Listed records -
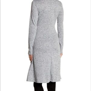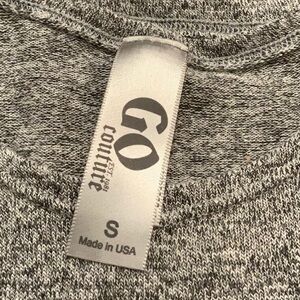 Go Couture grey heather, tie front dress. Crew neck, long sleeves, waist tie accent. knit construction.
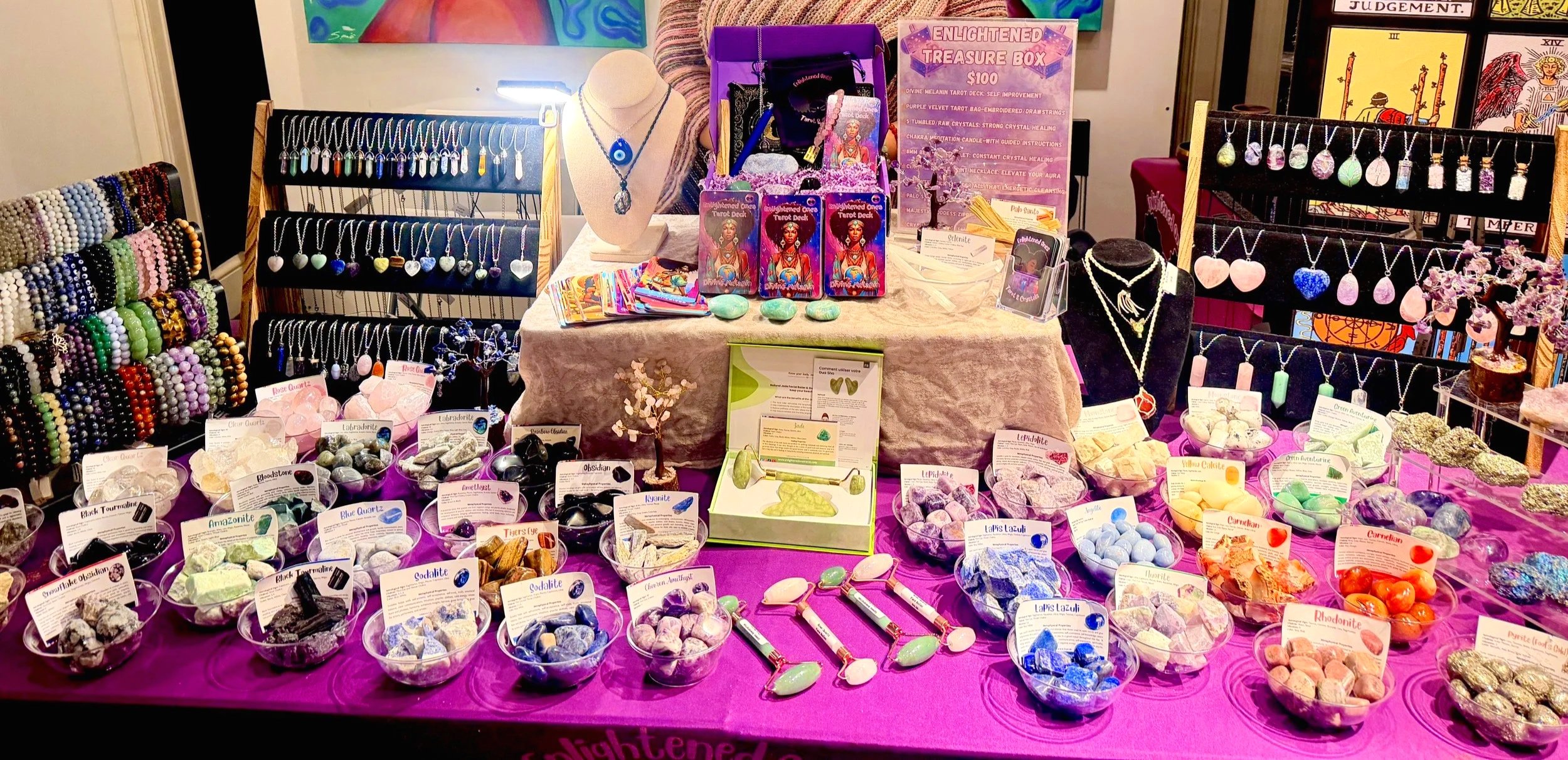 Drafted by Enlightened Ones Tarot’s owner and founder a Black American Tarot reader with over 25 years of experience, this 78-card deck is a tribute to the magic of Melanin skin tones and traditional Tarot. Each vibrant card is a masterpiece, celebrating spirituality and inviting you on a powerful, transformative journey. Offering profound guidance and insight, it's an essential tool for connecting with your inner divinity and navigating your life's path. Embrace the powerful Melanin Goddess beauty with every draw!
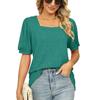 Весенне-летняя футболка, однотонные женские базовые футболки с квадратным вырезом и морщинами, с короткими рукавами
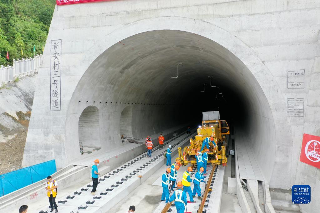 8月26日,中鐵一局建設者們在進行鋪軌施工(無人機照片)。
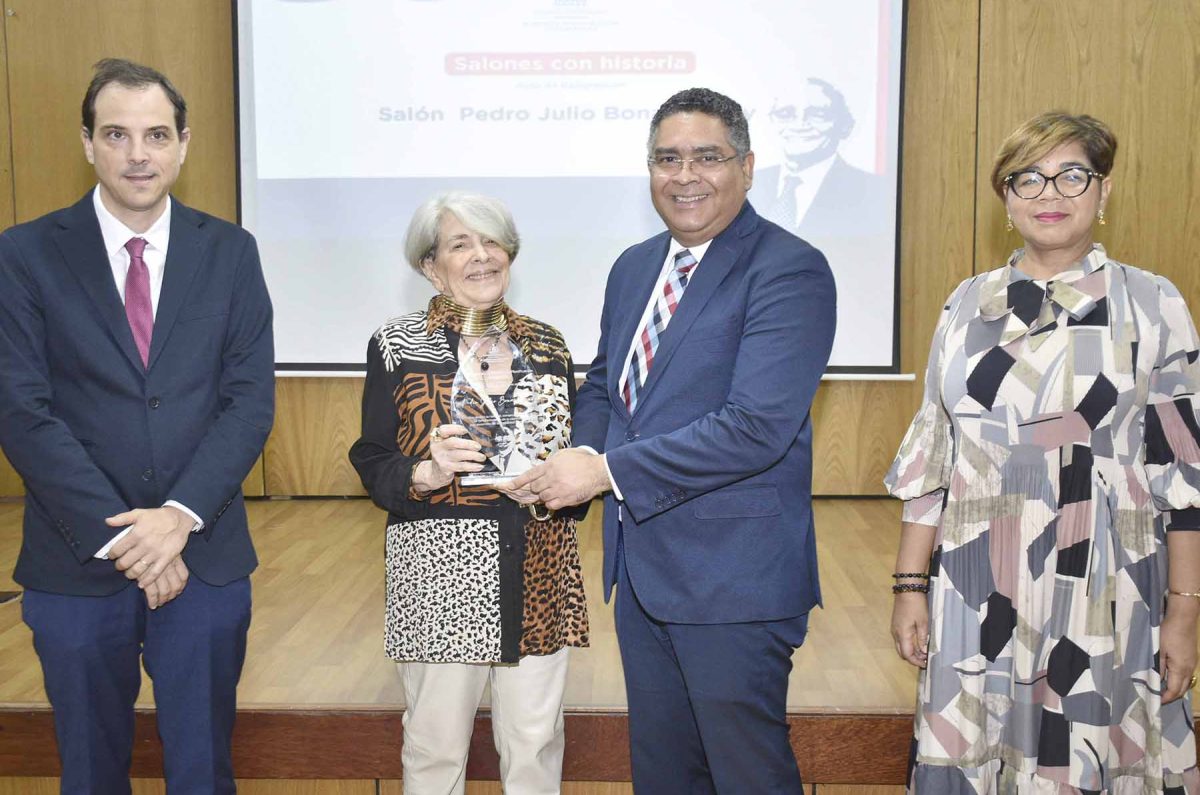 Al centro, la máxima autoridad del Ministerio de Economía, Planificación y Desarrollo, Alexis Cruz Rodríguez, realiza entrega de placa de reconocimiento a Grethel Castellanos, en representación de la familia del ingeniero Pedro Julio Bona Prandy, le acompañan Martín Francos, viceministro de Planificación e Inversión Pública, y Olaya Dotel, viceministra de Cooperación Internacional del Ministerio de Economía
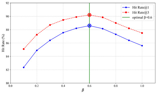 Our HRS-MSLC model integrates two key components: a multi-stage recall strategy and a logical combination recall strategy. For the multi-stage recall strategy, we examined the impact of the damping factor in Equation (12) on the overall retrieval performance by conducting a sensitivity analysis. The value of is varied from 0.1 to 1.0. As illustrated in Figure 6, the performance metrics HitRate@1 and HitRate@3 initially increase as rises from 0.1, reach an optimum around , and then subsequently decrease. This trend validates the necessity of incorporating : a value that is too small unduly suppresses the beneficial effect of subword expansion, while a value that is too large allows noisy subword matches to degrade the quality of the initial phrase-based retrieval. Through experimental validation, is established as the optimal value, effectively mitigating the issue where subword matches disproportionately dominate coarse-grained term results.
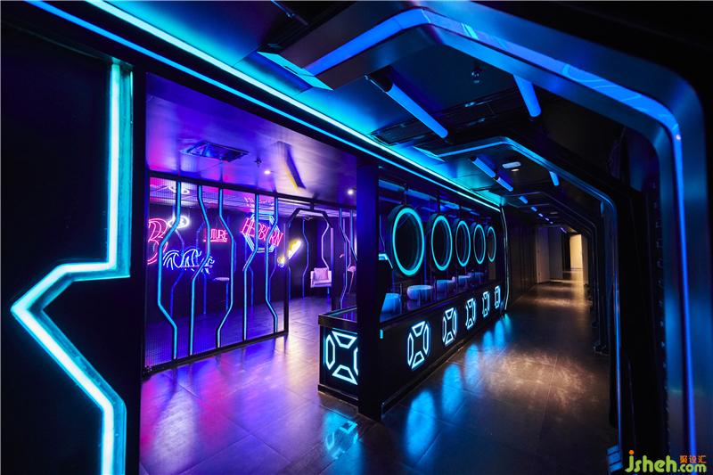 包廂區(qū)域設(shè)計(jì)師大面積地采用流行尖端的宇宙藍(lán)和太空白,運(yùn)用體塊疊加,與材料的有趣排列制造一種時(shí)空隧道的空間質(zhì)感,利用時(shí)間穿梭的設(shè)計(jì)概念、線條幾何圖形、環(huán)境燈光等設(shè)計(jì)元素將天花、墻面、地面有機(jī)結(jié)合,結(jié)合動(dòng)態(tài)光效,賦予空間極強(qiáng)的韻律感。
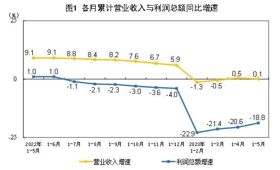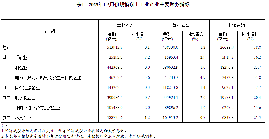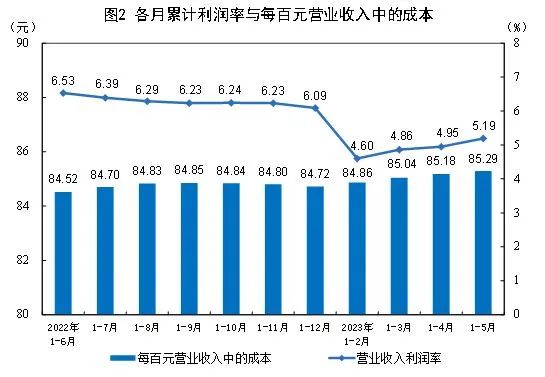 1—5月份,規(guī)模以上工業(yè)企業(yè)實(shí)現(xiàn)營業(yè)收入51.39萬億元,同比增長0.1%;發(fā)生營業(yè)成本43.83萬億元,增長1.2%;營業(yè)收入利潤率為5.19%,同比下降1.21個(gè)百分點(diǎn)。
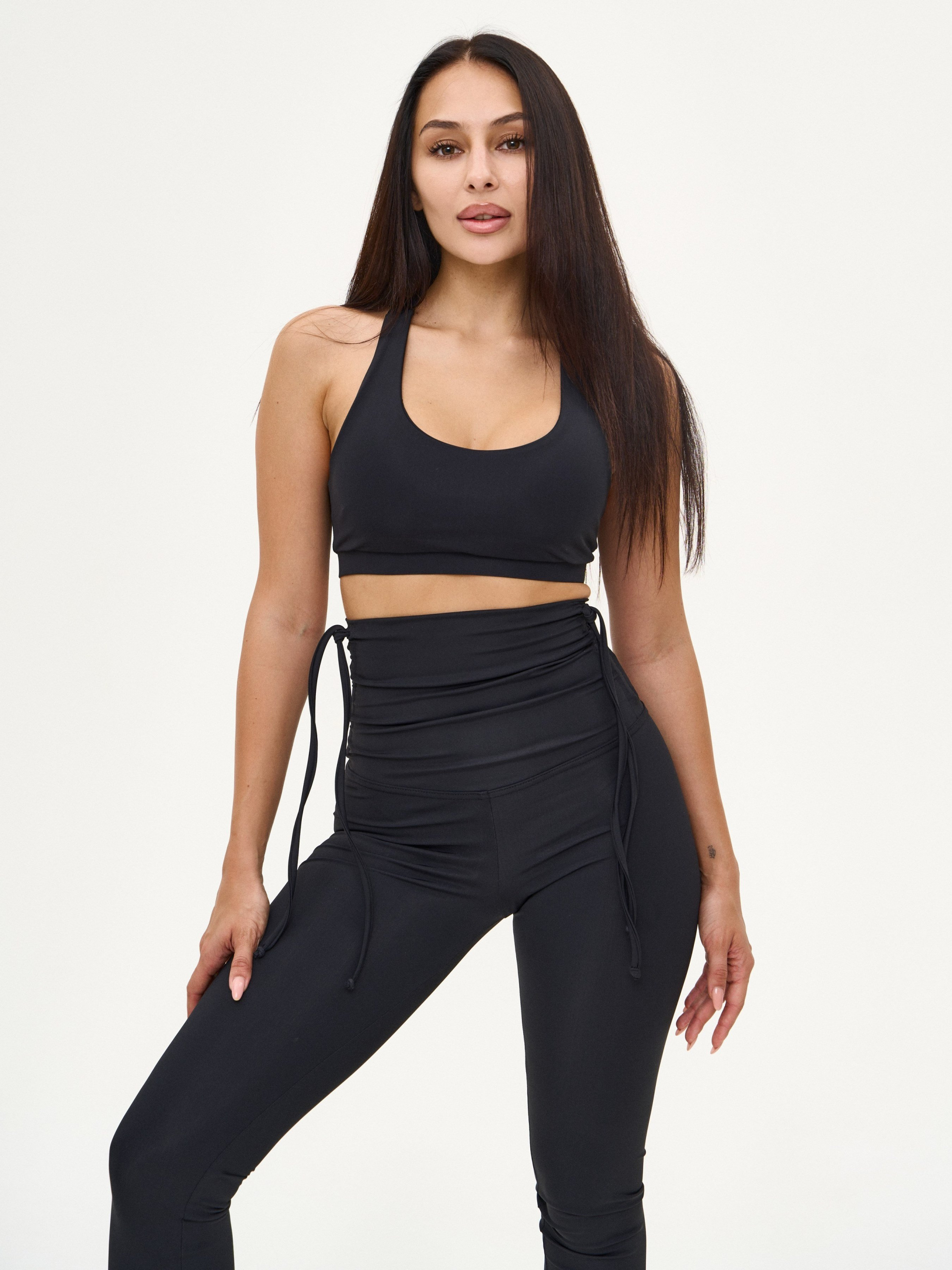 Женский спортивный комплект Nova Vega. В комплект входят лосины и топ. Идеально подойдёт для занятий в тренажерном зале, занятий йогой и фитнесом, а также для тренировок на открытом воздухе. Лосины с высокой посадкой и шнурками на поясе для регулировки высоты. Удобный короткий топ с глубоким декольте и резинкой под грудью для надёжной фиксации (топ с карманами для чашек вкладышей, сами чашки в комплекте не идут). Комплект выполнен из высококачественного бифлекса, обеспечивающего отличную эластичность и комфорт во время тренировок.

Your objective -
Excerpt from the records above: set down only the lines from the one that contains "Весенне-летняя футболка, однотонные" through the one that contains "Al centro, la", inclusive, word for word. Pictures stay out.

Solution for this problem -
 Весенне-летняя футболка, однотонные женские базовые футболки с квадратным вырезом и морщинами, с короткими рукавами
 8月26日,中鐵一局建設者們在進行鋪軌施工(無人機照片)。
 Al centro, la máxima autoridad del Ministerio de Economía, Planificación y Desarrollo, Alexis Cruz Rodríguez, realiza entrega de placa de reconocimiento a Grethel Castellanos, en representación de la familia del ingeniero Pedro Julio Bona Prandy, le acompañan Martín Francos, viceministro de Planificación e Inversión Pública, y Olaya Dotel, viceministra de Cooperación Internacional del Ministerio de Economía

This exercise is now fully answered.